INPUT DATA:
= Beginning of Section =

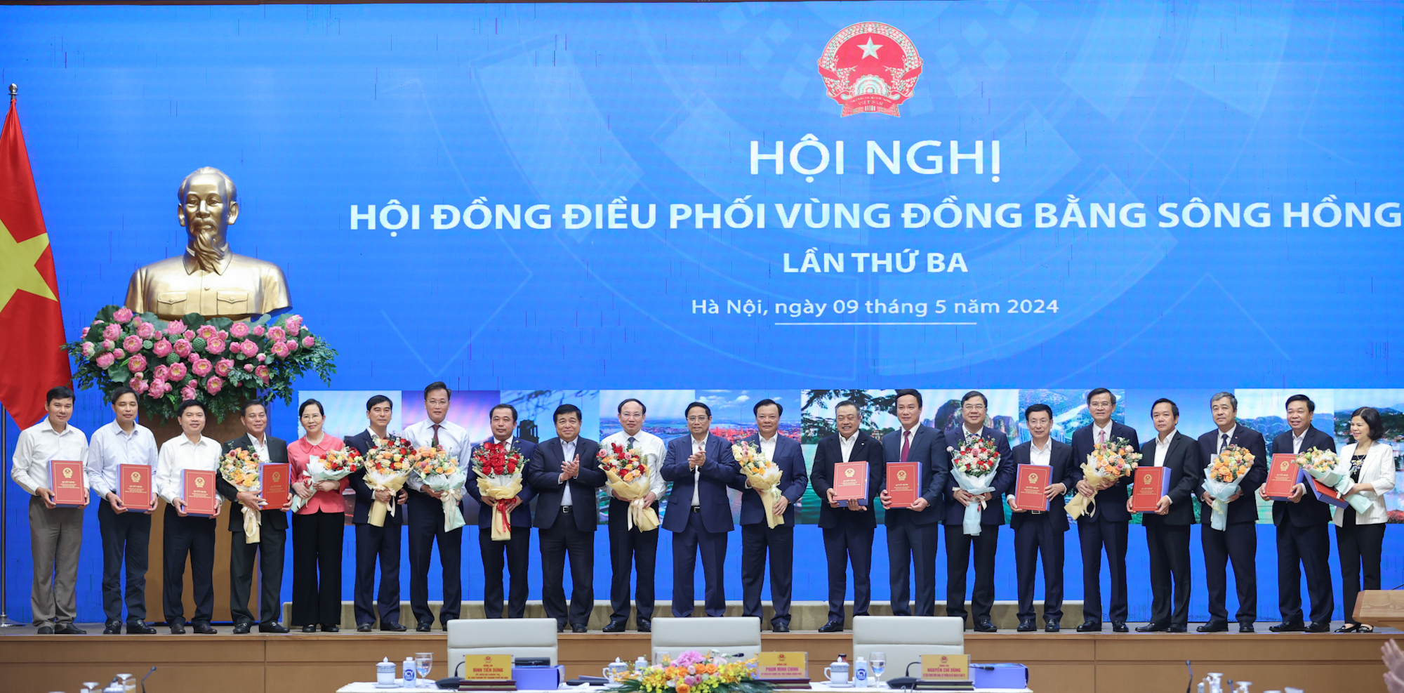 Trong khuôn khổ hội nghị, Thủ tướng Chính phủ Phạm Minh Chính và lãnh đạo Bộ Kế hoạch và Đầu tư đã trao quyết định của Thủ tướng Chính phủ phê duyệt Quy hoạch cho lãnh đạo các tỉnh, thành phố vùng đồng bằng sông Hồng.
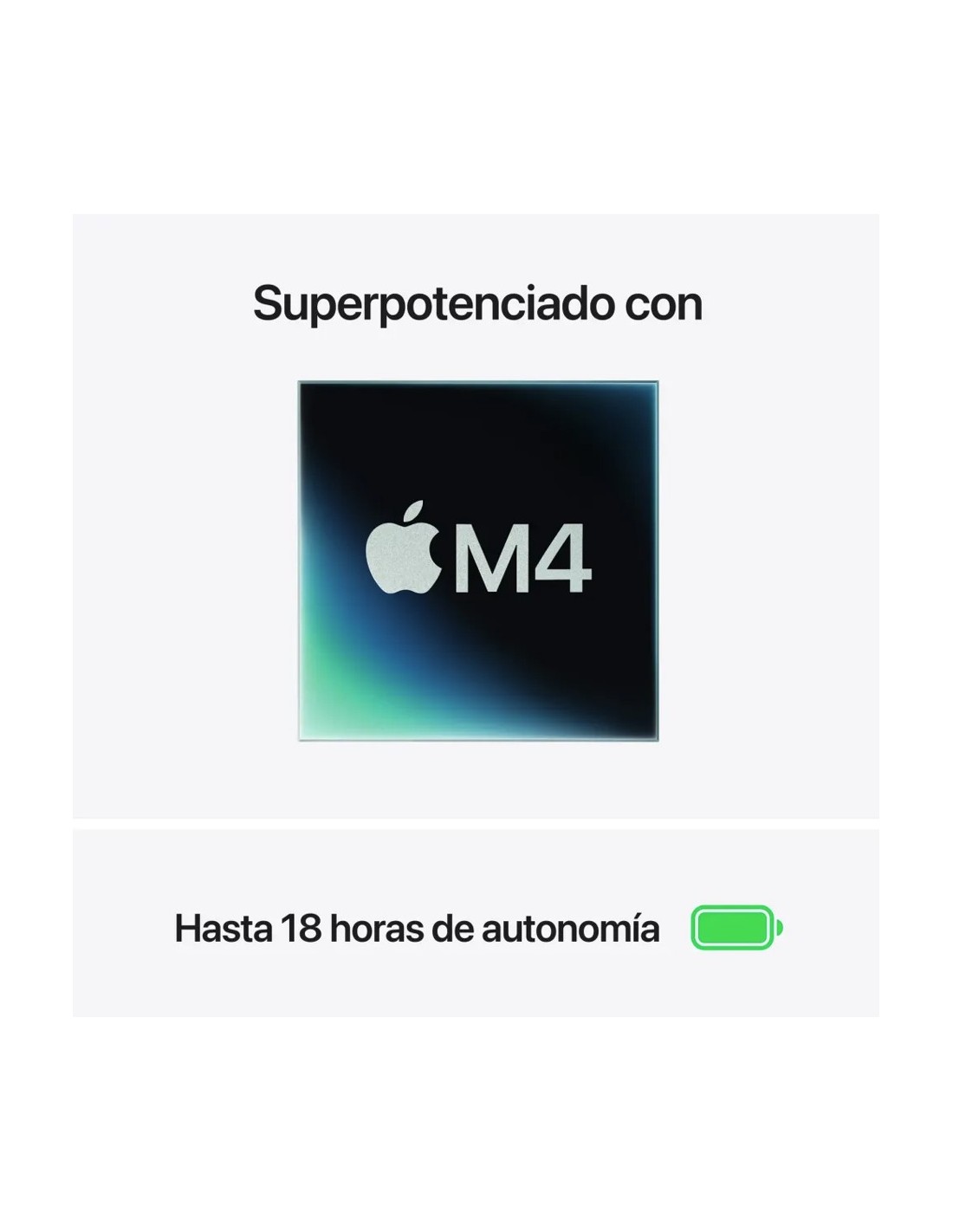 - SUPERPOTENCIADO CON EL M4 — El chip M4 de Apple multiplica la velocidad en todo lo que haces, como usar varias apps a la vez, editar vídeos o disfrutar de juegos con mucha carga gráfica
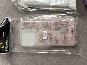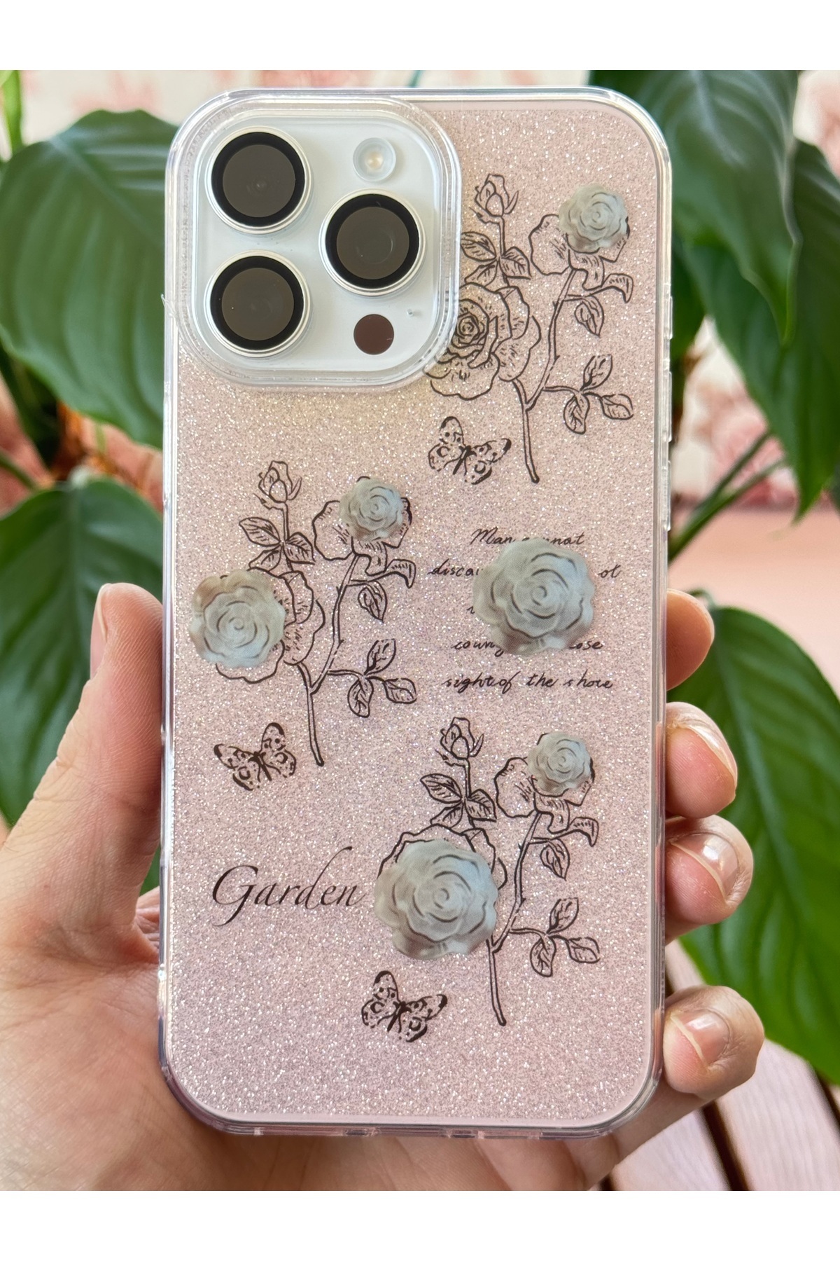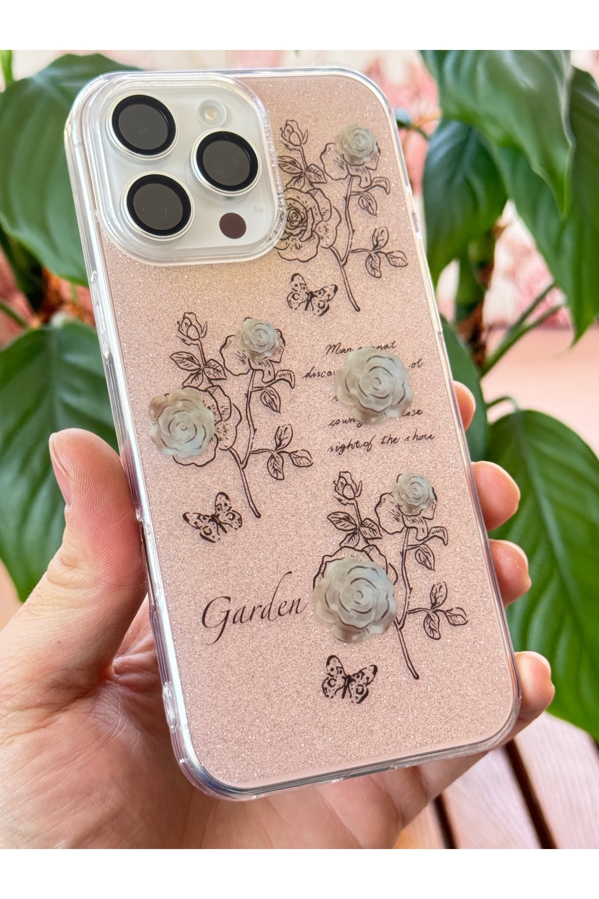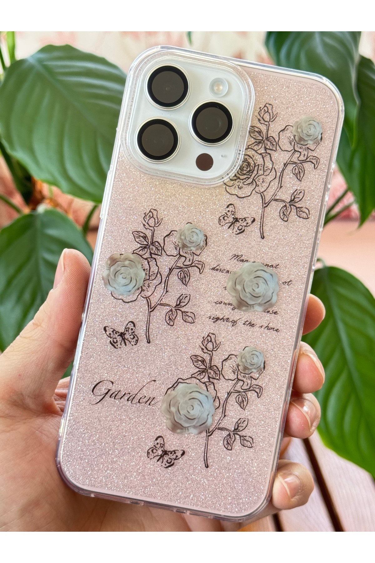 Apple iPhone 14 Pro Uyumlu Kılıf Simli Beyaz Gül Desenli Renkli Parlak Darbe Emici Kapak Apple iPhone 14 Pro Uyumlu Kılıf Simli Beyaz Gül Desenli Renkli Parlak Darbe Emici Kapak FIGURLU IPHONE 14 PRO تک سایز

= End of Section =

EXERCISE DIRECTIONS: None of the pictures belong in the copy; transcribe the rest of the data exactly.

RESULT FOR THIS TASK:
 Trong khuôn khổ hội nghị, Thủ tướng Chính phủ Phạm Minh Chính và lãnh đạo Bộ Kế hoạch và Đầu tư đã trao quyết định của Thủ tướng Chính phủ phê duyệt Quy hoạch cho lãnh đạo các tỉnh, thành phố vùng đồng bằng sông Hồng.
 - SUPERPOTENCIADO CON EL M4 — El chip M4 de Apple multiplica la velocidad en todo lo que haces, como usar varias apps a la vez, editar vídeos o disfrutar de juegos con mucha carga gráfica
 Apple iPhone 14 Pro Uyumlu Kılıf Simli Beyaz Gül Desenli Renkli Parlak Darbe Emici Kapak Apple iPhone 14 Pro Uyumlu Kılıf Simli Beyaz Gül Desenli Renkli Parlak Darbe Emici Kapak FIGURLU IPHONE 14 PRO تک سایز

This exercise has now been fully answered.